Monday Morning Musings:

The Blue Between

Morning fog, afternoon sunshine. The Delaware River at Red Bank Battlefield

The Oracle whispers watch
for the blue that comes

a taste, a tease
of cerulean between storms

Pine Street on a Rainy afternoon in Old City Philadelphia

Rainy Day Walk in Old City Philadelphia:

that arrive with thunder of boots,
the hard rain of lies, and
lightning bolts of hate.

And I am tired–
so tired–of the would-be despots
who dupe the gullible,
and the culture that declares
black and brown bodies are not
as beautiful as white, and who proclaim all women
must be controlled.

I cannot believe in their petty, jealous gods—
narrow-minded, power-hungry deities created in our image,
not the other way around. I am still waiting for the Star Trek world,
where people fight for goodness, timelines can be rewritten, and Q
is a super-being, not a spreader of wacko conspiracy theories.

Sparkling River

But—
again, the Oracle reminds me to breathe
to listen to the pre-dawn birdsong, the excited chatter of crows,
the sparkle on the river, the scent of petrichor, of honeysuckle, of bread baking
in the oven–
to notice the humming moon and the singing stars,
and that patch of blue
that comes like love—a surprise, a mystery.

Mysteries

We had some blue skies last week, but lots of cloudy days, and we walked around Philadelphia in the rain on Saturday before seeing a play. This afternoon, we may get violent thunderstorms with hail and the possibility of tornados.

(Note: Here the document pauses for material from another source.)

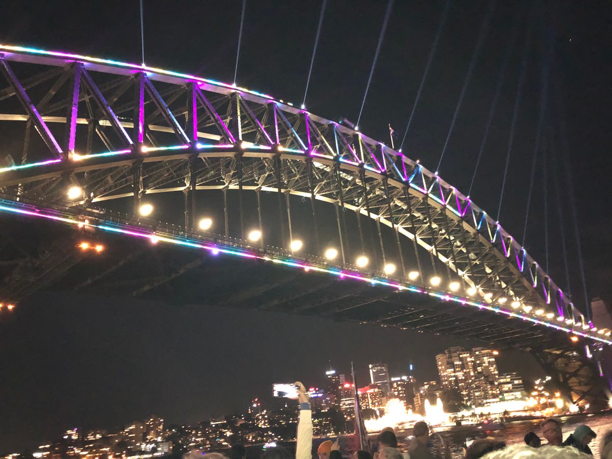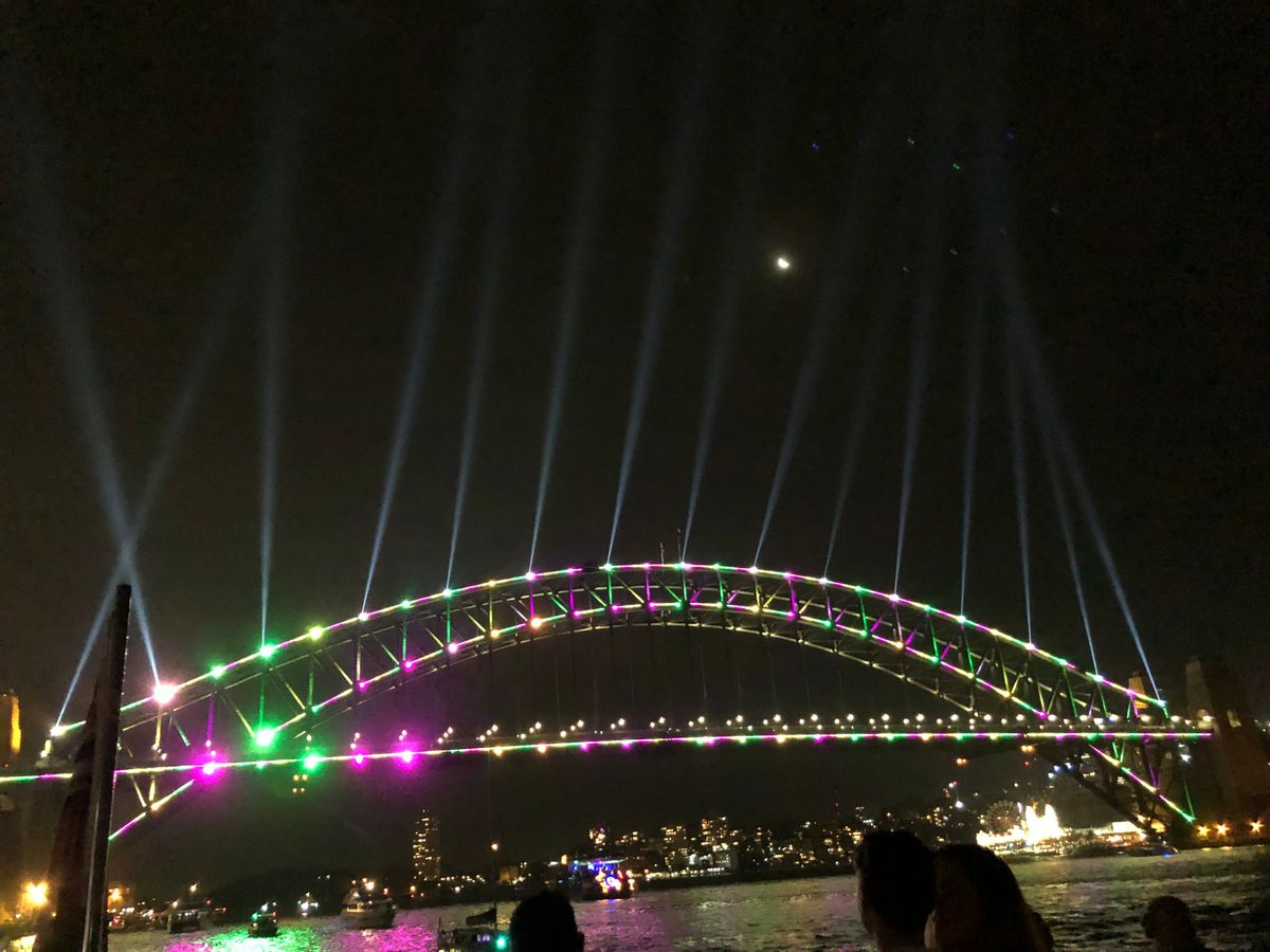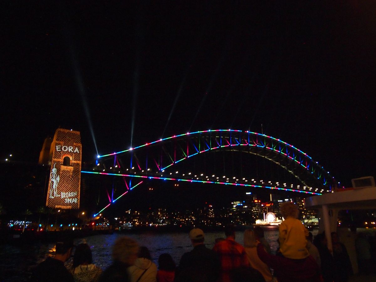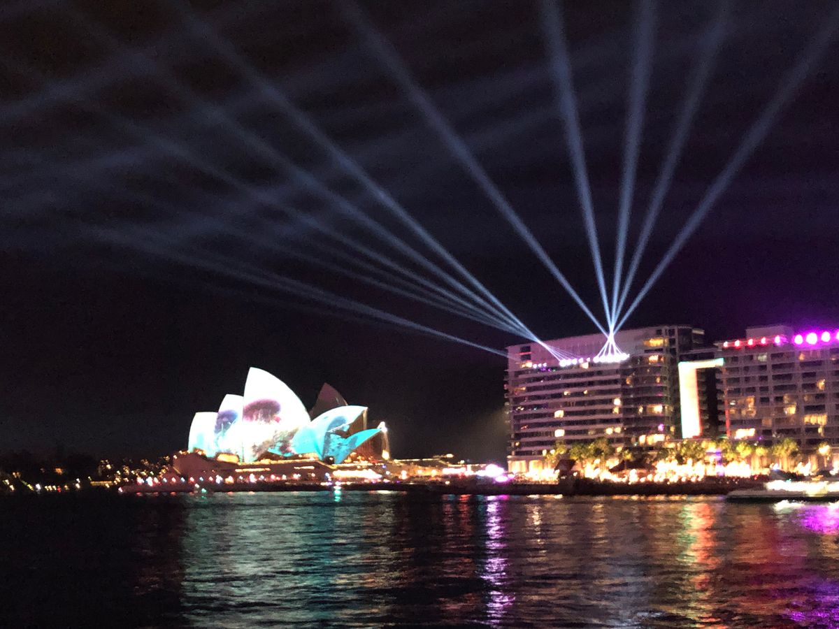 Vivid sydneyでライトアップされたサーキュラーキー、オペラハウスを海側から鑑賞。キラキラの街がとても印象的でとても良かった。食事付きのプランもいいかと思いますが、お得だし短時間で目的を達成できるしとおすすめです。

We saw School Girls; Or, the African Mean Girls Play by Jocelyn Bioh at the Arden Theatre. It’s a play about—well, mean girls in a boarding school in Ghana in the 1980s. It covers issues of body image and colorism, in a timely, but also funny play. We streamed a very strange movie that we both liked Black Bear with Aubrey Plaza.
And we watched the first two episodes of the British series Ridley Road. It’s on Masterpiece now. It’s about a Jewish woman from Manchester who infiltrates a neo-Nazi group in the 1960s. It explores history that is not very well-known, but it is also timely (and scary to me) that people are so easily duped that they believe the anti-Semitic and racist lies and think the fascism will actually improve their lives. It sounds too much like what it is happening right now. Oh yeah, there was another mass shooting. A young white man with a hate manifesto shot people of color in and around a supermarket in Buffalo, NY.

We had a virtual Shabbat with our children and their spouses (and pets) on Friday night.

46 thoughts on “The Blue Between

  1. I always love your Meanderings on Mondays. Love that wet Pine Street made of bricks – made me smile.
    The world is such a mess and thank goodness the Oracle reminds you to stop, breathe and look for the beauty and the good. We all need to.
    Happy Monday, Merril!

  2. Of course the Oracle reminds you to look for the blue (that smell of petrichor and honeysuckle, just like here), there is so much ugliness going on at the moment.
    The rain washes some things clean, like those beautiful bricks 🙂

  3. Wonderful photos, Merril. You have a beautiful way with words. The message from the Oracle is a good one, and it’s one I try to practice but some days… it’s hard. We’ve been watching Ridley Road, too. I don’t think I’ll ever understand the attraction to fascism, racism, all the -isms.

    • Thank you for your kind words, Robin.
      We finished the show. Let me know what you think when you do. I suppose intellectually I understand why some are attracted, but I don’t really understand (if that makes sense). And it is scary what is being spread by extreme right-wing sources now.

  4. The title of your poem is lovely…. Reminds me of “Silver Lining” but has more of your flair. Crazy world, indeed, Merril, and we do need to seek a reprieve in this storm. Cobblestones are even more striking in the rain… nice capture!

  5. I’m always the last to a fab party, especially when there’s amazing bread.
    Many of your words echo my thoughts… despots, controllers of women, white is right, religions made of sin.

    Still, the bread looks tasty, and I am happy for your blue sky! Thank you, Merril!